Exposition of the Law 
Philo wrote a systematic work on Moses and his laws, which is usually prefaced by the treatise "De Opificio Mundi." The Creation is, according to Philo, the basis for the Mosaic legislation, which is in complete harmony with nature ("De Opificio Mundi," § 1 [i. 1]). The exposition of the Law then follows in two sections. First come the biographies of the men who antedated the several written laws of the Torah, as Enos, Enoch, Noah, Abraham, Isaac, and Jacob. These were the Patriarchs, who were the living impersonations of the active law of virtue before there were any written laws.

Then the laws are discussed in detail: first the chief ten commandments (the Decalogue), and then the precepts in amplification of each law. The work is divided into the following treatises: 
"De Opificio Mundi" (comp. Siegfried in "Zeitschrift für Wissenschaftliche Theologie," 1874, pp. 562–565; L Cohn's important separate edition of this treatise, Breslau, 1889, preceded the edition of the same in "Philonis Alexandrini," etc., 1896, i.).
"De Abrahamo,"on Abraham, the representative of the virtue acquired by learning. The lives of Isaac and Jacob have been lost. The three patriarchs were intended as types of the ideal cosmopolitan condition of the world.
"De Josepho," the life of Joseph, intended to show how the wise man must act in the actually existing state.
"De Vita Mosis," books i.-iii.; Schürer, l.c. p. 523, combines the three books into two; but, as Massebieau shows (l.c. pp. 42 et seq.), a passage, though hardly an entire book, is missing at the end of the present second book (Wendland, in "Hermes," xxxi. 440).

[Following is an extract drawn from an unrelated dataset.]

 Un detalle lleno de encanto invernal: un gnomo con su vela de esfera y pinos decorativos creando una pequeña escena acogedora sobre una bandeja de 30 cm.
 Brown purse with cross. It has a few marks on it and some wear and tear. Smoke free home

Schürer (l.c. pp. 515, 524) excludes this work here, although he admits that from a literary point of view it fits into this group; but he considers it foreign to the work in general, since Moses, unlike the Patriarchs, can not be conceived as a universally valid type of moral action, and can not be described as such. The latter point may be admitted. but the question still remains whether it is necessary to regard the matter in this light. It seems most natural to preface the discussion of the law with the biography of the legislator, while the transition from Joseph to the legislation, from the statesman who has nothing to do with the divine laws to the discussion of these laws themselves, is forced and abrupt. Moses, as the perfect man, unites in himself, in a way, all the faculties of the patriarchal types. His is the "most pure mind" ("De Mutatione Nominum," 37 [i. 610]), he is the "lover of virtue," who has been purified from all passions ("De Allegoriis Legum," iii. 45, 48 [i. 113, 115]). As the person awaiting the divine revelation, he is also specially fitted to announce it to others, after having received it in the form of the Commandments (ib. iii. 4 [i. 89 et seq.]).
"De Decalogo," the introductory treatise to the chief ten commandments of the Law.
"De Specialibus Legibus," in which treatise Philo attempts to systematize the several laws of the Torah, and to arrange them in conformity with the Ten Commandments. To the first and second commandments he adds the laws relating to priests and sacrifices; to the third (misuse of the name of God), the laws on oaths, vows, etc.; to the fourth (on the Sabbath), the laws on festivals; to the fifth (to honor father and mother),the laws on respect for parents, old age, etc.; to the sixth, the marriage laws; to the seventh, the civil and criminal laws; to the eighth, the laws on theft; to the ninth, the laws on truthful testifying; and to the tenth, the laws on lust. The first book includes the following treatises of the current editions: "De Circumcisione"; "De Monarchia," books i. and ii.; "De Sacerdotum Honoribus"; "De Victimis." On the division of the book into these sections, the titles of the latter, and newly found sections of the text, see Schürer, l.c. p. 517; Wendland, l.c. pp. 136 et seq. The second book includes in the editions a section also entitled "De Specialibus Legibus" (ii. 270–277), to which is added the treatise "De Septenario," which is, however, incomplete in Mangey. The greater part of the missing portion was supplied, under the title "De Cophini Festo et de Colendis Parentibus," by Mai (1818), and was printed in Richter's edition, v. 48–50, Leipsic, 1828. The complete text of the second book was published by Tischendorf in his "Philonea" (pp. 1–83). The third book is included under the title "De Specialibus Legibus" in ed. Mangey, ii. 299–334. The fourth book also is entitled "De Specialibus Legibus"; to it the last sections are added under the titles "De Judice" and "De Concupiscentia" in the usual editions; and they include, also, as appendix, the sections "De Justitia" and "De Creatione Principum." 
The treatises "De Fortitudine," "De Caritate," and "De Pœnitentia" are a kind of appendix to "De Specialibus Legibus." combines them into a special book, which, he thinks, was composed by Philo.
"De Præmiis et Pœnis" and "De Execratione." On the connection of both  This is the conclusion of the exposition of the Mosaic law.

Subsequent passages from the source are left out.